Problem to work on:
In the material below, begin at the line that has "办公室的老段也是闲不住的。每", stop after the line that has "Experience the beauty", and transcribe those lines exactly, without pictures.
##### Provided information #####
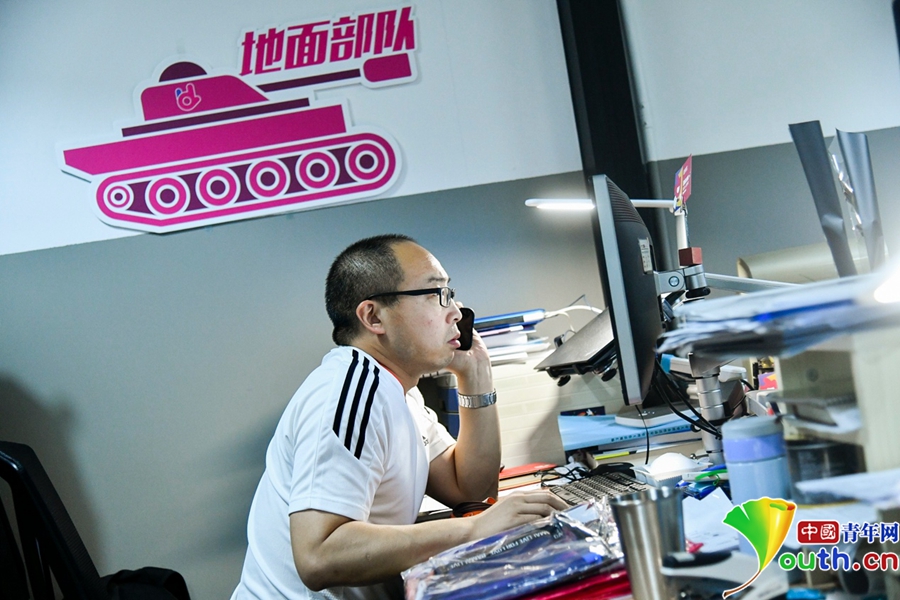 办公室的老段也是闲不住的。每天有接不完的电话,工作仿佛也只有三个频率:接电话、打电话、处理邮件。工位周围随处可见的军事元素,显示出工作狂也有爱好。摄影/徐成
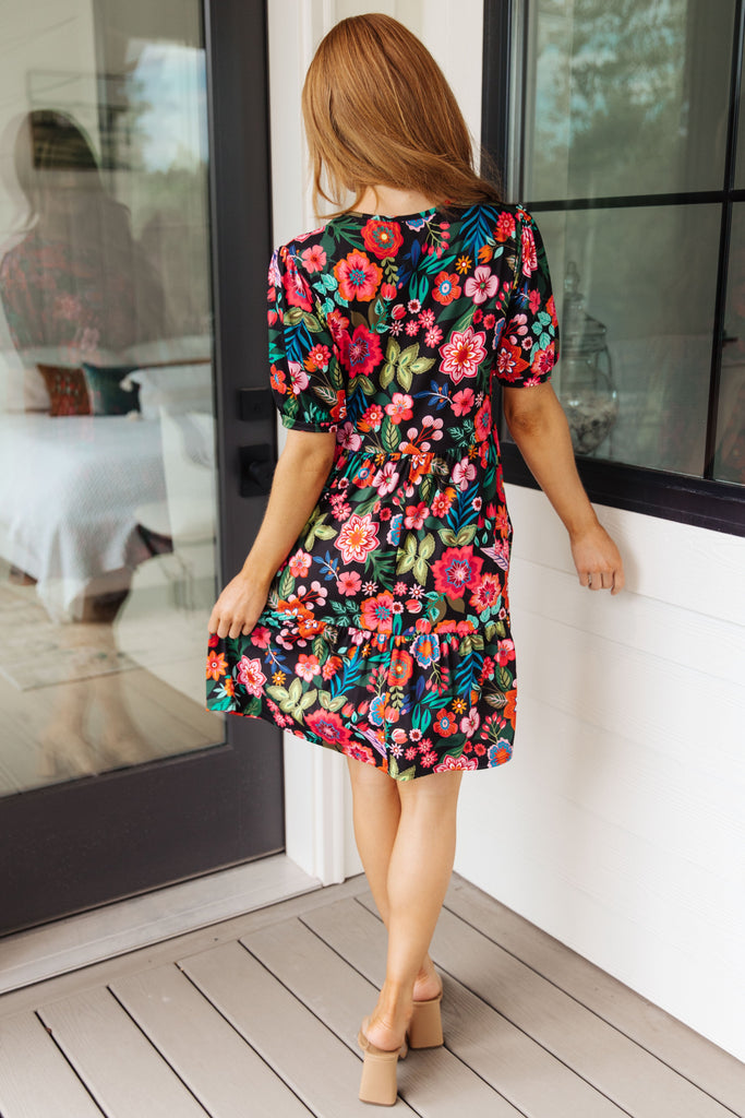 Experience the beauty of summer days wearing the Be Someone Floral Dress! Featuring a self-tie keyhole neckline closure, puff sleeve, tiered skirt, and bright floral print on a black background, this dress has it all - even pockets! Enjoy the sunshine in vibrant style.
#####
##### Provided information #####
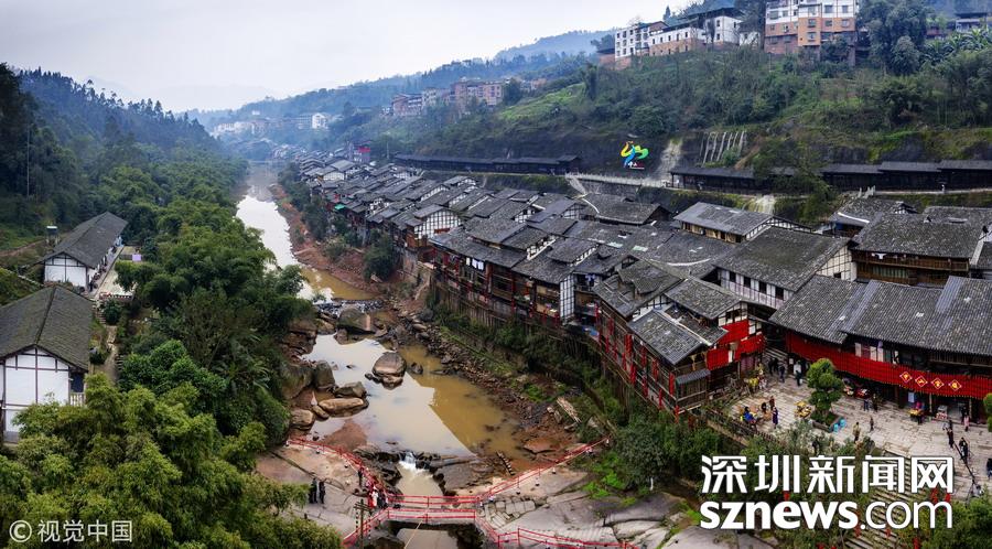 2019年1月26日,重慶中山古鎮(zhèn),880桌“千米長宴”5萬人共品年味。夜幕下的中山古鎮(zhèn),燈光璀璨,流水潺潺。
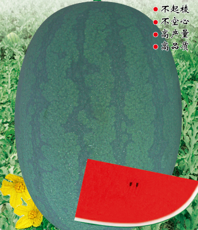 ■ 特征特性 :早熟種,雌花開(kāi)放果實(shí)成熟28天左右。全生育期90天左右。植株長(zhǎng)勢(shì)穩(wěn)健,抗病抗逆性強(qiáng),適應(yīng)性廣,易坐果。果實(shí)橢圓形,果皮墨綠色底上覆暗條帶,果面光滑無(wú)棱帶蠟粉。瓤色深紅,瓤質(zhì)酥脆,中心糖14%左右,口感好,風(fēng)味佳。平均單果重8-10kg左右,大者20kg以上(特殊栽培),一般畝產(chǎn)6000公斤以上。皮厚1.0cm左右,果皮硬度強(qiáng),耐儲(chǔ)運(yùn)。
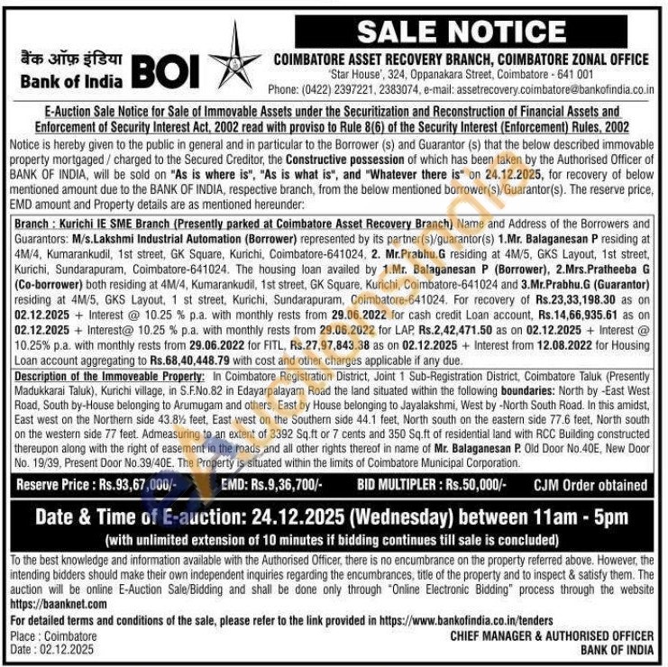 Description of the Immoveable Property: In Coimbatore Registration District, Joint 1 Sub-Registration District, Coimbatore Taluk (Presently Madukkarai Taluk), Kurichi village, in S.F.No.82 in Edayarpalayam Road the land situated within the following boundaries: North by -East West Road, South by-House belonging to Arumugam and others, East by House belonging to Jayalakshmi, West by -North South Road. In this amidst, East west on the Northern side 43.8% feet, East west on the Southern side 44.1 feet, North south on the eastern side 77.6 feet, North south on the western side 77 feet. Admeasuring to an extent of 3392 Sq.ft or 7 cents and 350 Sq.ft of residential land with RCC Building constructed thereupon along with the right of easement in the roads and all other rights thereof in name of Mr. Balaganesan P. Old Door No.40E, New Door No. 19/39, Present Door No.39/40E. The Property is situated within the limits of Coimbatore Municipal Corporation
#####
Task solution:
 办公室的老段也是闲不住的。每天有接不完的电话,工作仿佛也只有三个频率:接电话、打电话、处理邮件。工位周围随处可见的军事元素,显示出工作狂也有爱好。摄影/徐成
 Experience the beauty of summer days wearing the Be Someone Floral Dress! Featuring a self-tie keyhole neckline closure, puff sleeve, tiered skirt, and bright floral print on a black background, this dress has it all - even pockets! Enjoy the sunshine in vibrant style.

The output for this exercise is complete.